My talent has always been to be a great sleeper, not a napper, mind you, but a sleeper.
When I was placed in a bed between two younger sisters, who always kicked off the covers, I discovered in my sleep, of course, if I tucked the blankets under my chin, I never had to wake up to pull them back on.
I discovered in college that I could sleep through fire alarms, parties and my roommate and her boyfriend having “fun.” I sleep through snoring (the dogs, not my husband).
With three children and my talent was tested.
When children are babies, you have to wake constantly to feed them. Then they get sick (nothing like three small children taking turns vomiting) and you’re up changing bedding into the wee hours. Then it’s a calmer period and as long as you allow the television to go on at 6 a.m. (for “Barney”) you can sleep an hour later.
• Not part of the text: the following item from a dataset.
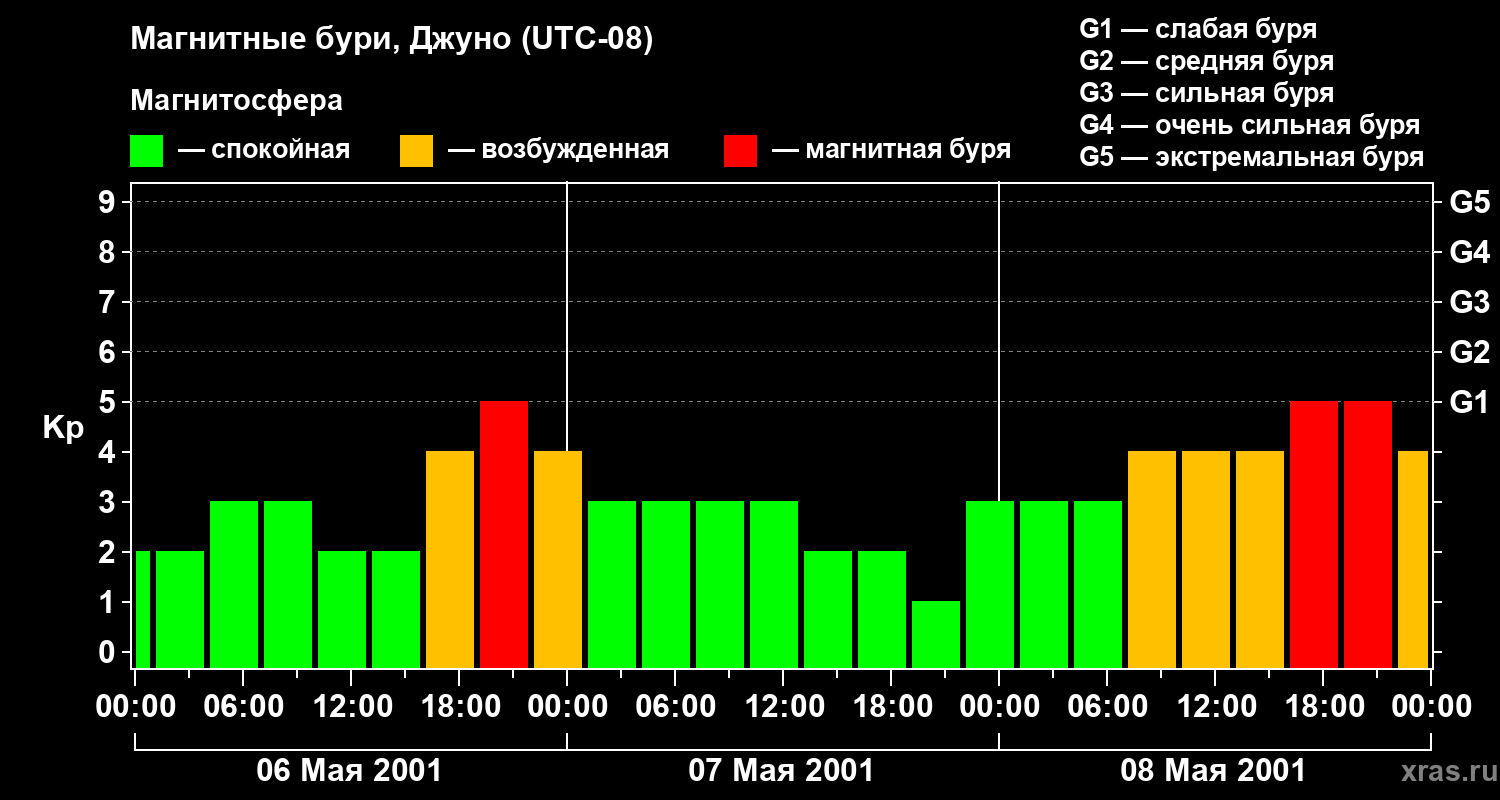 Изменения геомагнитного индекса Kp с 6 по 8 мая 2001 года для средних широт

But children turn to teenagers and rest, once again, becomes problematic. Curfews, cars and prayers turn those few years into thinking you may never sleep again.
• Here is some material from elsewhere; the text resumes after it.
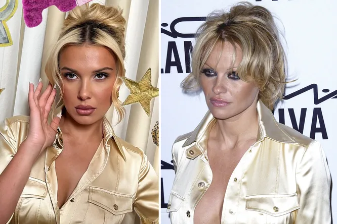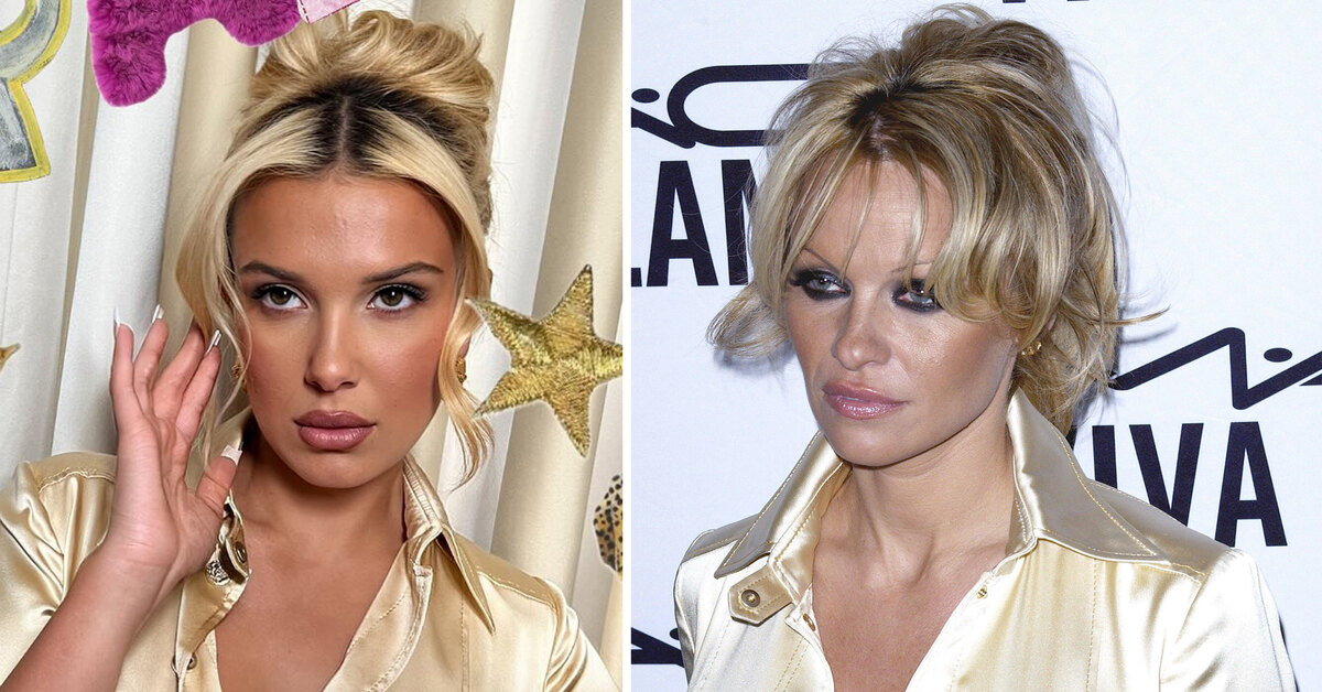Милли Бобби Браун в шелковом платье повторила культовый образ Памелы Андерсон

Finally, my children have turned into young adults and it was time to reclaim my natural talent. This past year, I planned to spend the rest of my life doing what I do best—sleeping.
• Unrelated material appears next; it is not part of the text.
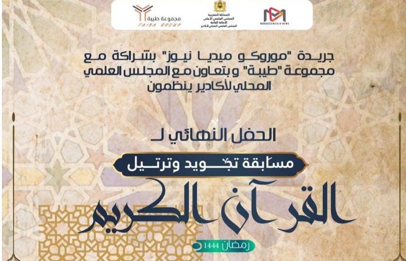 تنظم مؤسسة “موروكو ميديا نيوز” بالتعاون مع مجموعة “طيبة” والمجلس العلمي المحلي لأكادير الحفل الختامي لمسابقة تجويد القرآن الكريم لتلاميذ المؤسسات التعليمية في نسختها الثانية.

But then my job situation became upsetting and an adult child had an issue and even the Supreme Court was unsettling. The result were neurons zapping through my brain, unfettered.
I woke up two nights ago at 3 a.m. with all sort of thoughts buzzing around—and I couldn’t go back to sleep. I like many of the great athletes, authors, magicians had to consider whether my greatest days were behind me. Was it time to retire?
As I considered sleep, I started wondering. Are there statistics for the Monopoly game? Is there one property on the board that you should always purchase, or try to purchase, besides Park Place and Boardwalk? We all know railroads, including Short Line, Reading, B & O, Amtrak, Pennsylvania, whatever, are not good holding investments, but are the orange properties better than the green ones? If I have a choice between yellow and green, which do I buy? Somewhere between musing about the one essential property that would be the key to winning Monopoly, I fell asleep.
To be honest, I’m not sure whether I’ve regained my God-given talent of sleep, but I do wonder if anyone has an answer to the Monopoly question.